## Entries provided
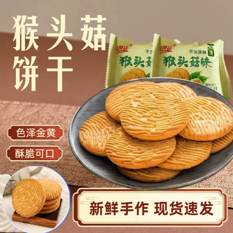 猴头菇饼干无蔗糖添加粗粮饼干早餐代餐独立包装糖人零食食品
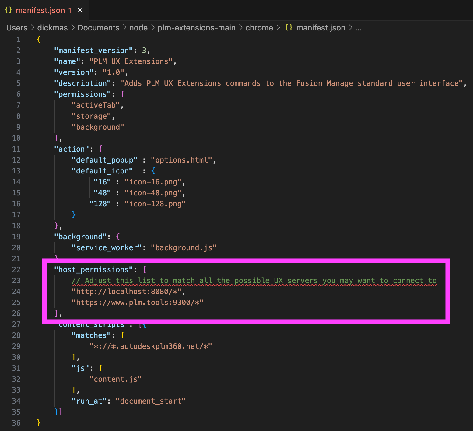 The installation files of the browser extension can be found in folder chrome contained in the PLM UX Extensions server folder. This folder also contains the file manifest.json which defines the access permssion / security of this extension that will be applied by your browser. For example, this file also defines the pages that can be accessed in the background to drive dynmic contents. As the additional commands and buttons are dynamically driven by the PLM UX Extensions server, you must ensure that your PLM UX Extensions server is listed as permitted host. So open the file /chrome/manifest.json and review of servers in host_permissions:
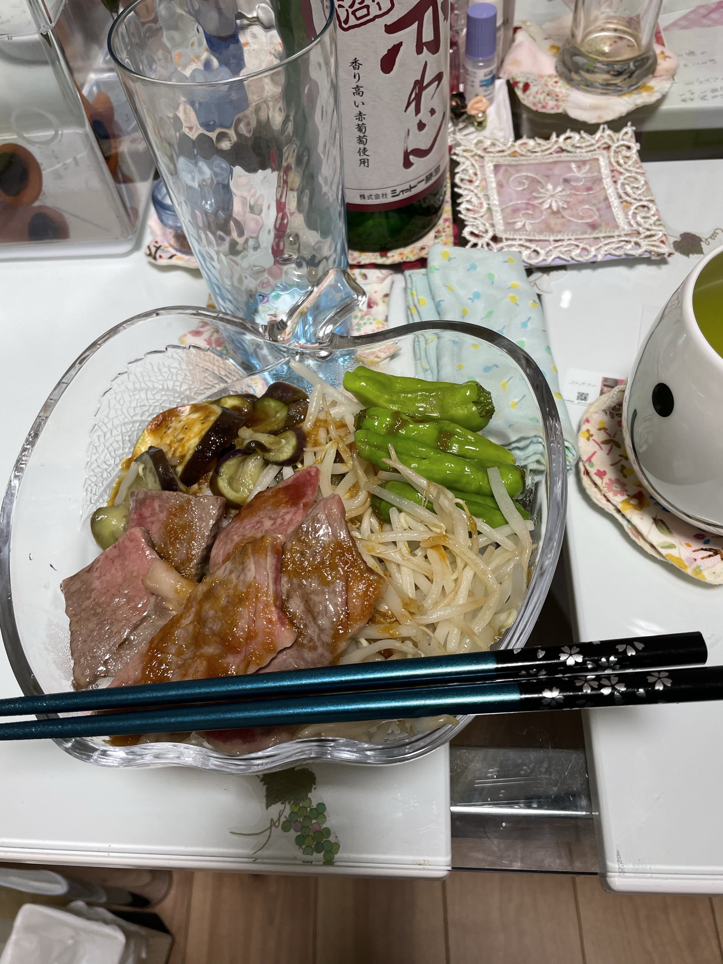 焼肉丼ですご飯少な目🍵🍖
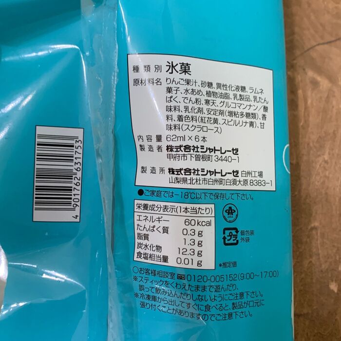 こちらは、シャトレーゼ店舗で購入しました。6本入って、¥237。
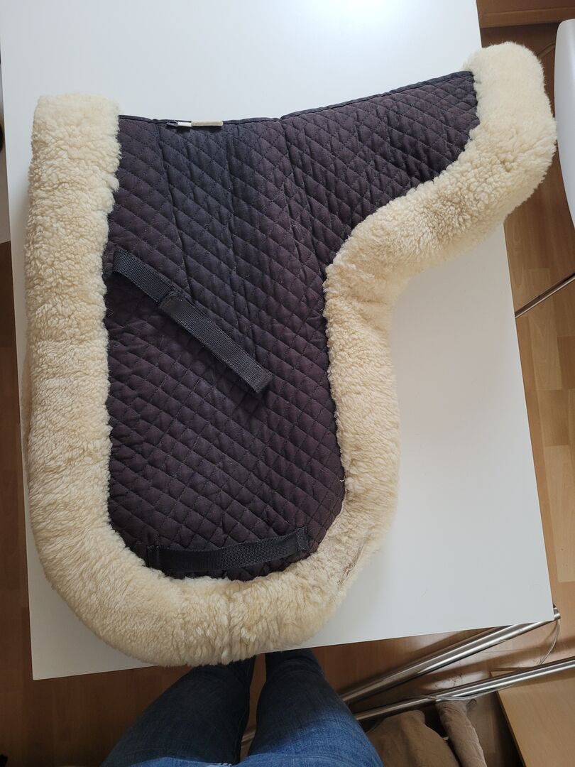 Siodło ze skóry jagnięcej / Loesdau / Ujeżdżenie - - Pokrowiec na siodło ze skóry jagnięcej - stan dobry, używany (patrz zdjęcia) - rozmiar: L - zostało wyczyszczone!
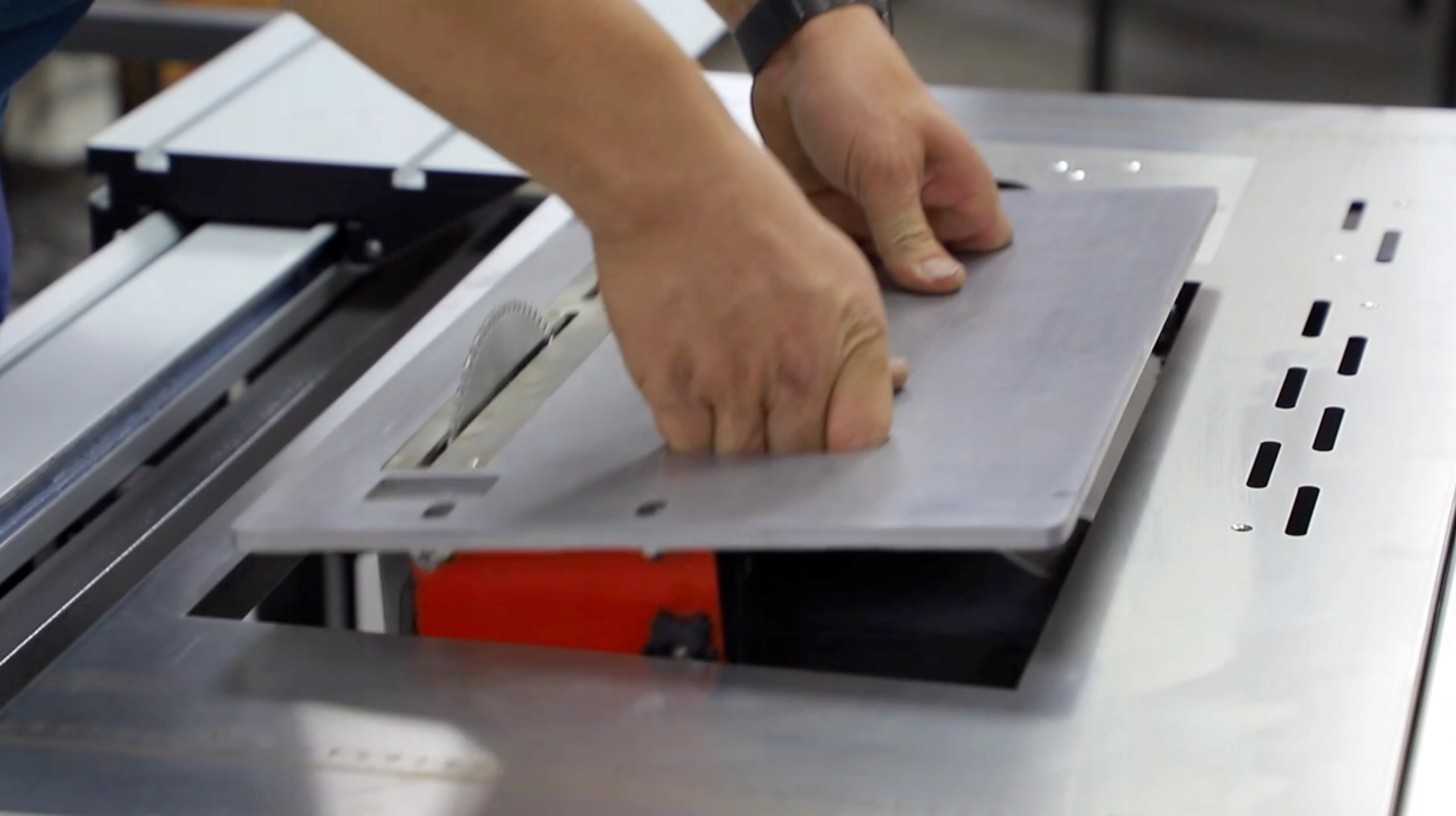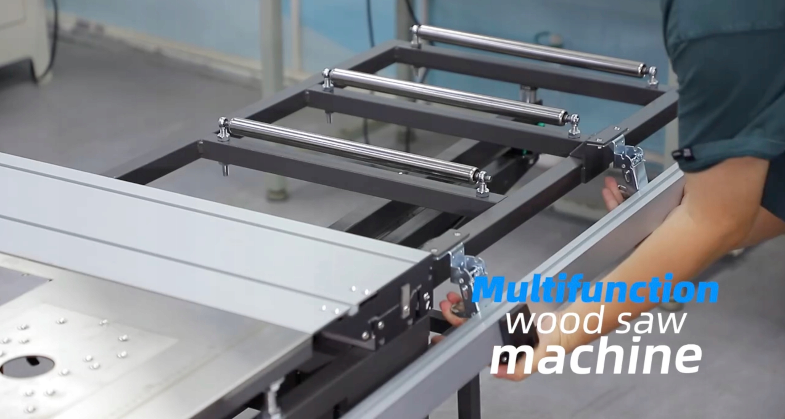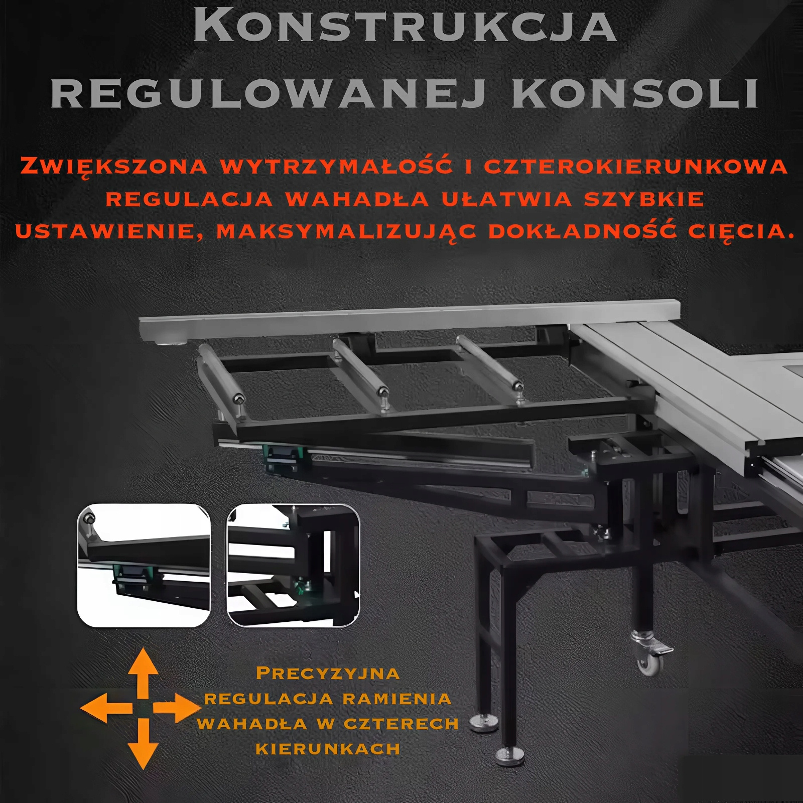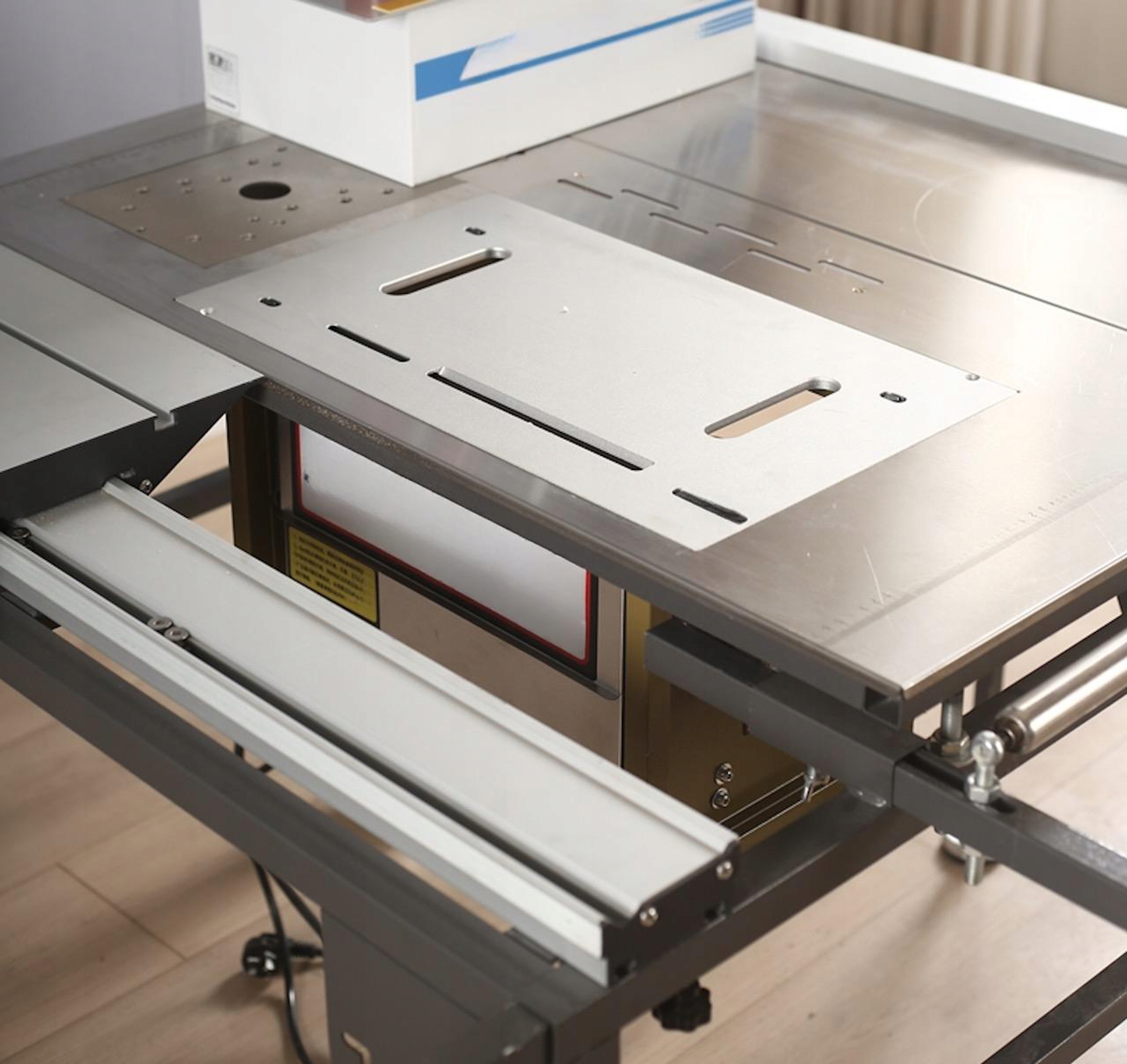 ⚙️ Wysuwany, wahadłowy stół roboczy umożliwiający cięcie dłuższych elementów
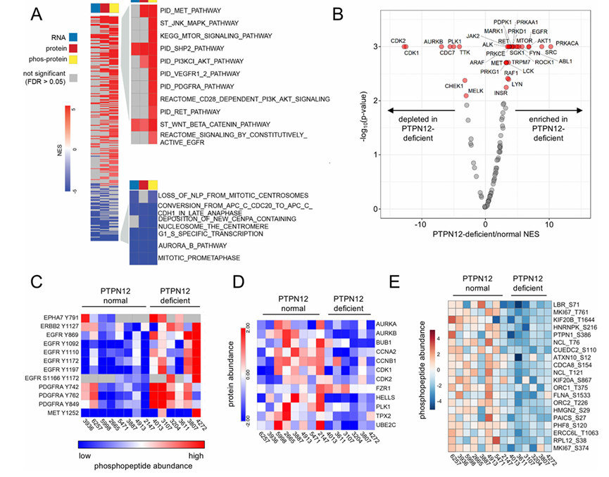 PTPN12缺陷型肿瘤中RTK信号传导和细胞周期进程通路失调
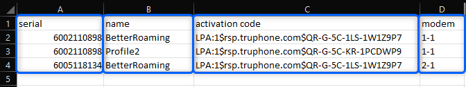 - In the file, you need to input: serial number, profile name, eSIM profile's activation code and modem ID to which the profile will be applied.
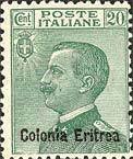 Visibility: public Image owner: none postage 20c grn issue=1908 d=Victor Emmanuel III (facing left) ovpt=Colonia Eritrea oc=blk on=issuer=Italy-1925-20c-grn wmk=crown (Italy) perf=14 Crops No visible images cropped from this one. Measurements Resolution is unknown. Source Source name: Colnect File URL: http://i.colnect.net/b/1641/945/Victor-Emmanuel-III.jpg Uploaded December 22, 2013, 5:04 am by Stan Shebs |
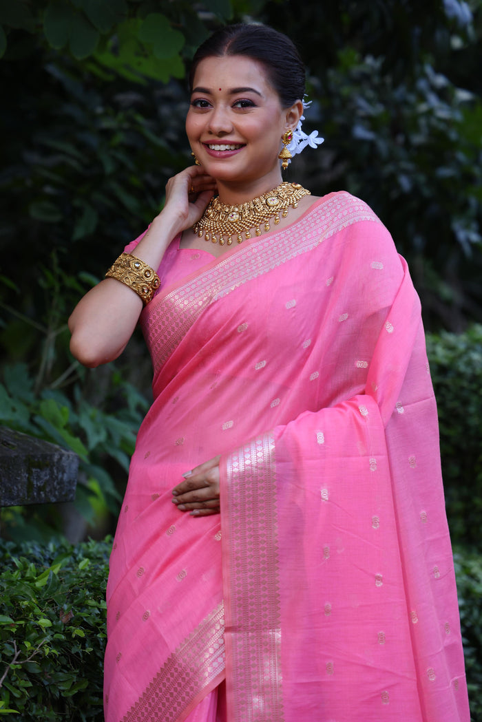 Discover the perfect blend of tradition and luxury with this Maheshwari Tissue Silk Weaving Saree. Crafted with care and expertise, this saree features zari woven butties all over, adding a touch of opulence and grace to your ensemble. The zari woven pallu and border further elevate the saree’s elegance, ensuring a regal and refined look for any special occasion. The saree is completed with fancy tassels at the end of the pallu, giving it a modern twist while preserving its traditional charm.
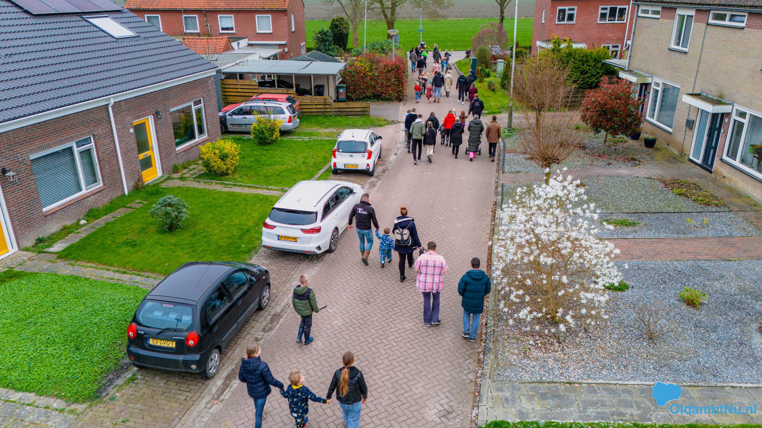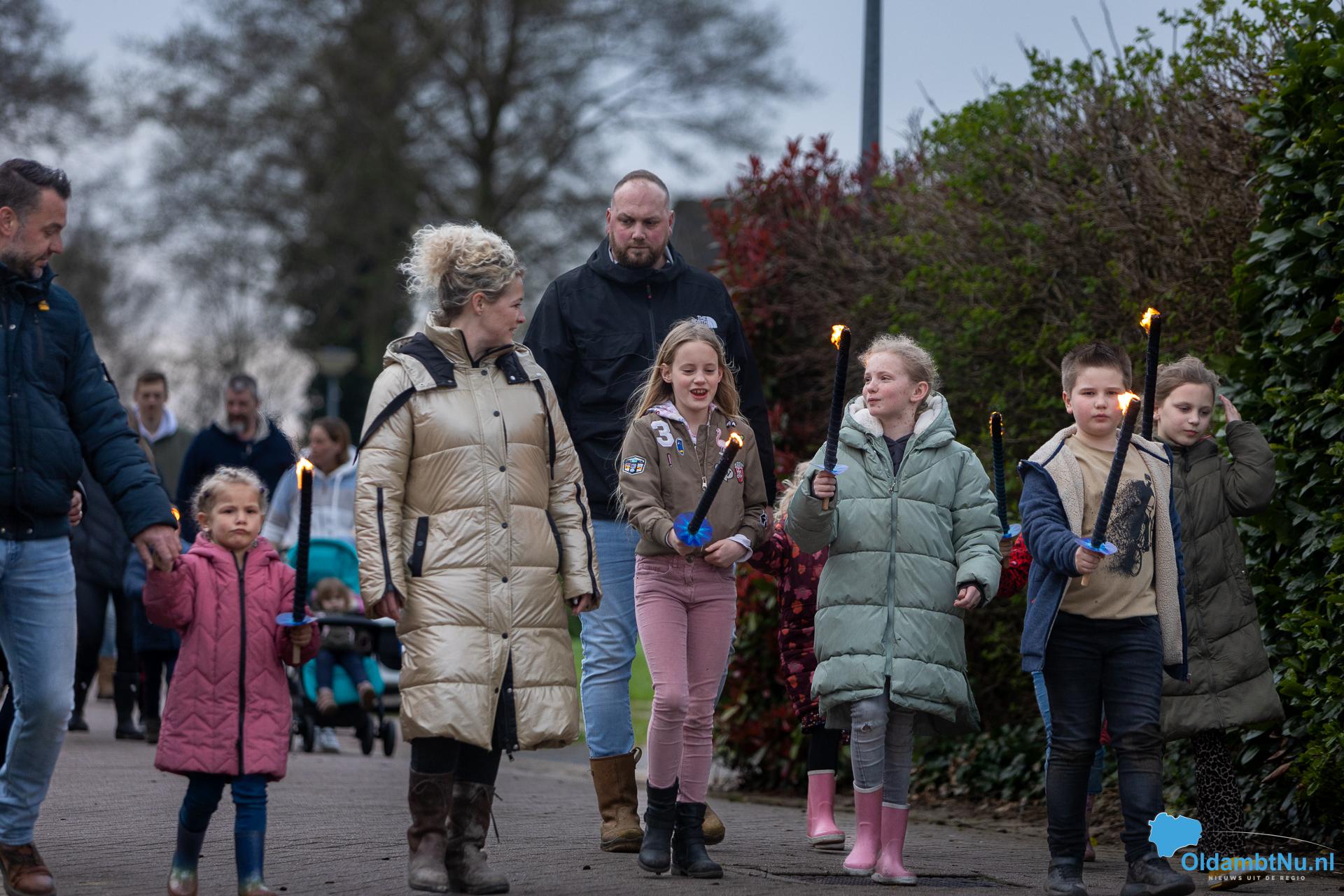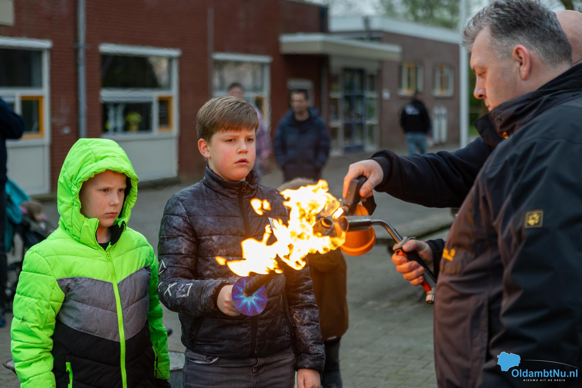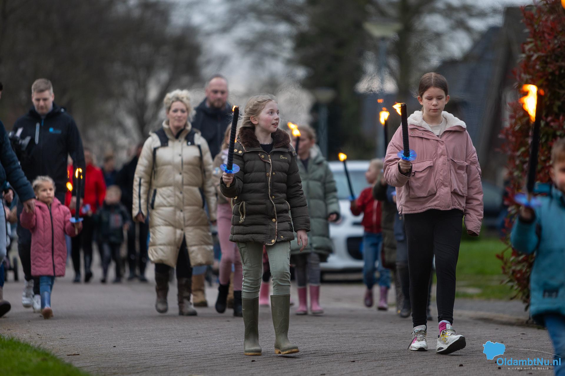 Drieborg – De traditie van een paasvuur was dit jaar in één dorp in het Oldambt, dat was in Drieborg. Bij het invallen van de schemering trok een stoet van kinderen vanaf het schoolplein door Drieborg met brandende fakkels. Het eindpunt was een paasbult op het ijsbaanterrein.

## Task brief
What's needed is an exact copy of the lines above from the one with "Siodło ze skóry jagnięcej /" through the one with "- In the file, you", both included; the pictures stay out.

## Output for this task
 Siodło ze skóry jagnięcej / Loesdau / Ujeżdżenie - - Pokrowiec na siodło ze skóry jagnięcej - stan dobry, używany (patrz zdjęcia) - rozmiar: L - zostało wyczyszczone!
 ⚙️ Wysuwany, wahadłowy stół roboczy umożliwiający cięcie dłuższych elementów
 PTPN12缺陷型肿瘤中RTK信号传导和细胞周期进程通路失调
 - In the file, you need to input: serial number, profile name, eSIM profile's activation code and modem ID to which the profile will be applied.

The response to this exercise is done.